An exact reproduction of the lines below, from the first through the one with "写真2 島民の方からの聞き書き調査（2016年9月）", is the whole answer; pictures have no place in it.

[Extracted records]
──────────

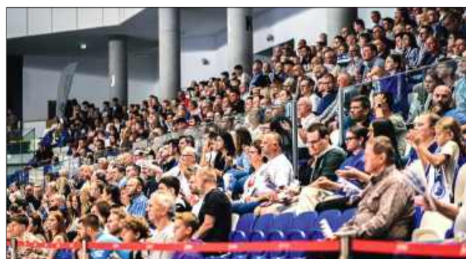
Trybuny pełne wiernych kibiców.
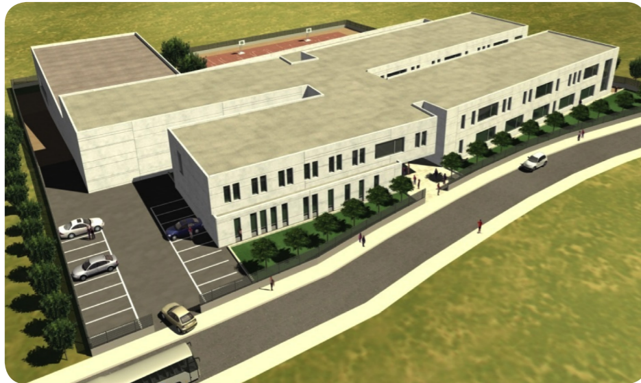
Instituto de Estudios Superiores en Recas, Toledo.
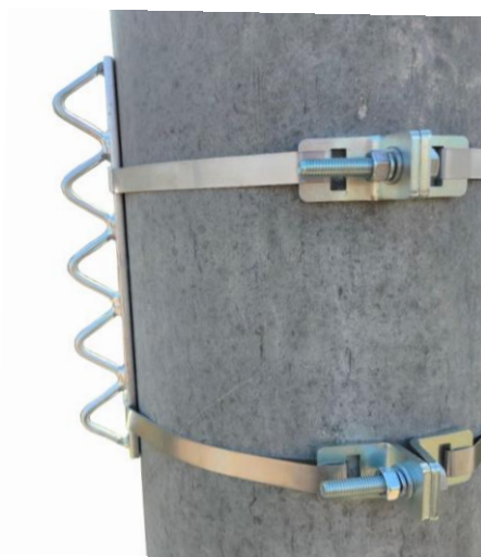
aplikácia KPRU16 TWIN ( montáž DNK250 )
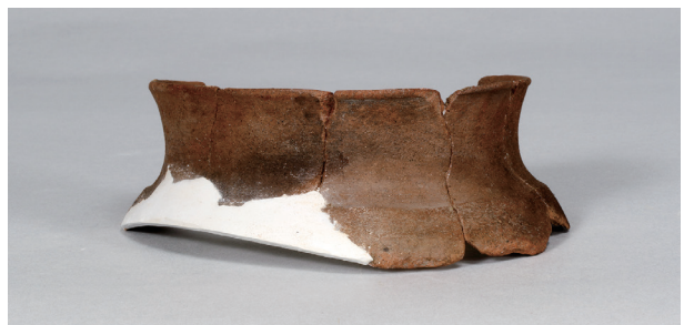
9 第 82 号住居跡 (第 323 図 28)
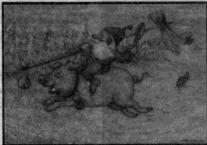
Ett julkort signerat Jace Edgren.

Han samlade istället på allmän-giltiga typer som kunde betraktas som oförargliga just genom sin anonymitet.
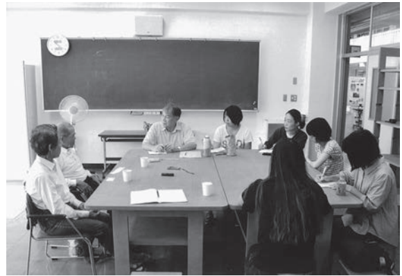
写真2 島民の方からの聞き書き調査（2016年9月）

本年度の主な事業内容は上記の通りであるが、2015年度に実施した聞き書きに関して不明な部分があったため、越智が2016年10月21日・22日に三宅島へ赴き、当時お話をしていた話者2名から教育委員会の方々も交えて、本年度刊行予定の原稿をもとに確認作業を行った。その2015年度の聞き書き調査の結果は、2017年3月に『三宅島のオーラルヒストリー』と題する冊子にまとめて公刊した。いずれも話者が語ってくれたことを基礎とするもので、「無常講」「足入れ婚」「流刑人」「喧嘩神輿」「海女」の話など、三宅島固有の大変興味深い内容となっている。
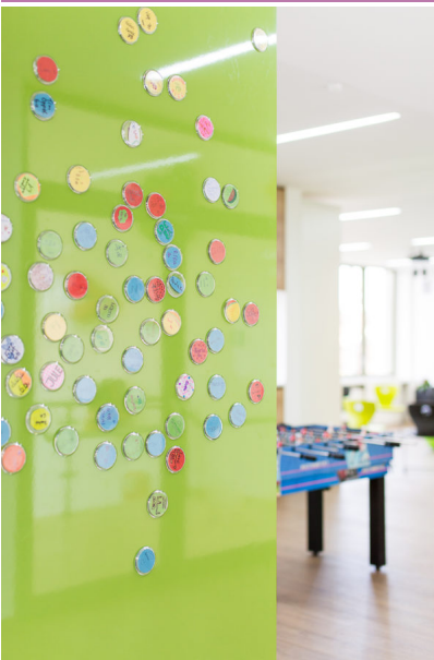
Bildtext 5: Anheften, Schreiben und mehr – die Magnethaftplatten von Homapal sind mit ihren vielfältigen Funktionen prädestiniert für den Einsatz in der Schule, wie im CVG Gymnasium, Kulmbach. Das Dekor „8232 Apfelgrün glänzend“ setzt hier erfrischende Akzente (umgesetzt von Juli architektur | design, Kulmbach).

──────────

— PROBLEM SOLUTION —
Trybuny pełne wiernych kibiców.
Instituto de Estudios Superiores en Recas, Toledo.
aplikácia KPRU16 TWIN ( montáž DNK250 )
9 第 82 号住居跡 (第 323 図 28)
Ett julkort signerat Jace Edgren.

Han samlade istället på allmän-giltiga typer som kunde betraktas som oförargliga just genom sin anonymitet.
写真2 島民の方からの聞き書き調査（2016年9月）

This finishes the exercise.